Day 4-5 we took the train into Shenzhen, our first time back in the Mainland for 6 years. Loads has changed there…mainly, it looks a lot nicer and less seedy than when I lived there. We had an interesting time trying to speak Chinese to the hotel receptionist and had lots of people attempt to help us although none of them could actually speak English! Next day we met up with my old contact teacher Lu Haibo and saw the school and building where I spent my year there. We had lunch with him at one of my favourite restaurants, a Sichuanese. He helped us book our overnight sleeper bus to Yangshuo and we left that night.
Days 6-7 We got into Yangshuo really early in the morning and thanks to the National Day Chinese Holiday, everyone else was already there and we spent a good chunk of the morning looking for a hostel. Eventually got that sorted and walked around the town which has also changed loads since we were there last. We did manage to find the restaurant where we met and it is still in business. The town has almost doubled in size and didn’t have that same relaxed backpacker vibe that we experienced last time but it might be different now that the holidays are over and the Chinese people have gone back home now! The second day we rented bicycles and cycled through the mad traffic (LJ had a great video of it…somehow he wasn’t run over in the filming process…I have no idea how he survived it though!) out of town to Moon Hill where we first set eyes upon each other. Had an amazing cycle ride through the small towns and karst peaks. We weren’t exactly sure how to get back to the city centre but luckily were adopted by a group of Chinese cyclists who adopted us and guided us across the river with our bikes and back to the city.
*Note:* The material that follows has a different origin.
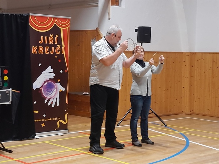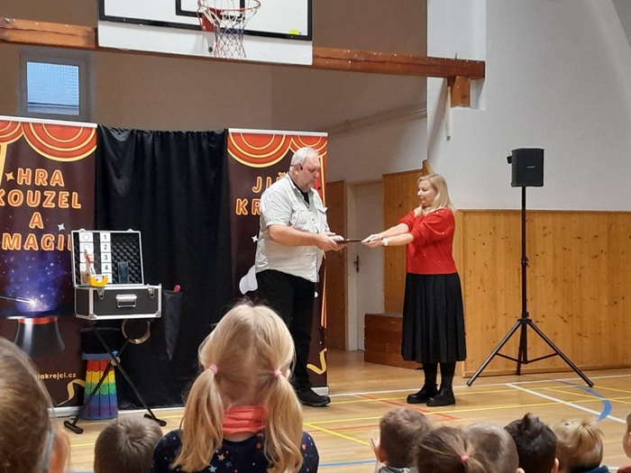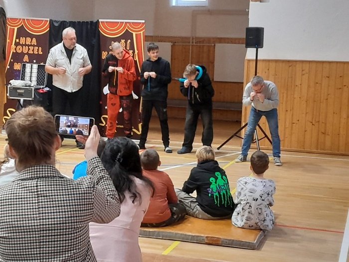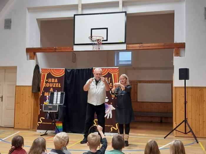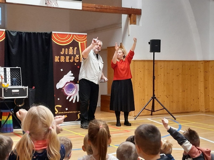 Děti byly naprosto nadšené. Aktivně se zapojily do čarování a kouzlení. I učitelé si několik jednoduchých triků vyzkoušeli.

Days 8-9 Left the next day for the Devil’s Backbone Rice Terraces north of Yangshuo and Guilin where we stayed in a minority cafe/inn which was an amazing old traditional wooden house that resembled a barn. We hiked around the stunning scenery for the next 2 days. One of the days we were walking through one of the little villages and were asked by one of the minority ladies if we wanted “lunchie lunchie.” We were pretty hungry so we went for it and are we glad we did! She took us to one of their homes and they proceeded to cook up a feast of 7 different dishes of locally produced food. Definitely a highlight of the trip so far!
Days 10-11 From there we had an interesting journey to our next destination. We had to take 2 buses to a town called Sanjiang and were keeping our fingers crossed that we would be able to get a train to another town. We got to the town and started looking for the train station but couldn’t find it on any map. A really kind girl who spoke really good English helped us and told us the train station was very far away and we had to take a minibus taxi to get there. She flagged one down for us and we had to be pushed in by her and pulled in by the other taxi passengers to get in with our bags sitting on top of us. Then we proceeded to drive through the countryside to what we were really hoping was going to be the train station. The taxi dropped us off at the bottom of a hill in the middle of nowhere and all the passengers pointed in one direction then drove off. So we headed in that direction and at the top of the hill (through the world”s most disgusting street with the highest population of flies) we came to the station. For some reason, the ticket salesman didn’t want to talk to us so a helpful girl came up and tried to translate for us except she didn’t speak English so she was essentially just translating our Mandarin to a more understandable version of Mandarin for the salesman. Got a ticket and had a 6 hour wait so went back to dirty street and had a really lovely dinner at one of the streetside restaurants. Took an overnight train to the next town where we took a bus to a small minority village called Dehang. It was beautiful and I think we were the only tourists staying overnight in the village. We stayed in yet another really cool traditional wooden house built alongside the river next to the ancient Jielong Bridge. We hiked to what is supposedly China’s highest waterfall and climbed up to another waterfall along a breathtaking but terrifyingly steep and treacherous path. We were thankful to make it to the top and back to the bottom without any major slipups!
We are now staying in another incredible riverside town with ancient city walls, disintegrating gate towers, rickety houses on stilts overlooking the river (thanks Lonely Planet for the description!) called Fenghuang. The last 2 days we have spent exploring the back alleys and the old town. We will be here for another day then will head on to Kaifeng and then Beijing afterwards.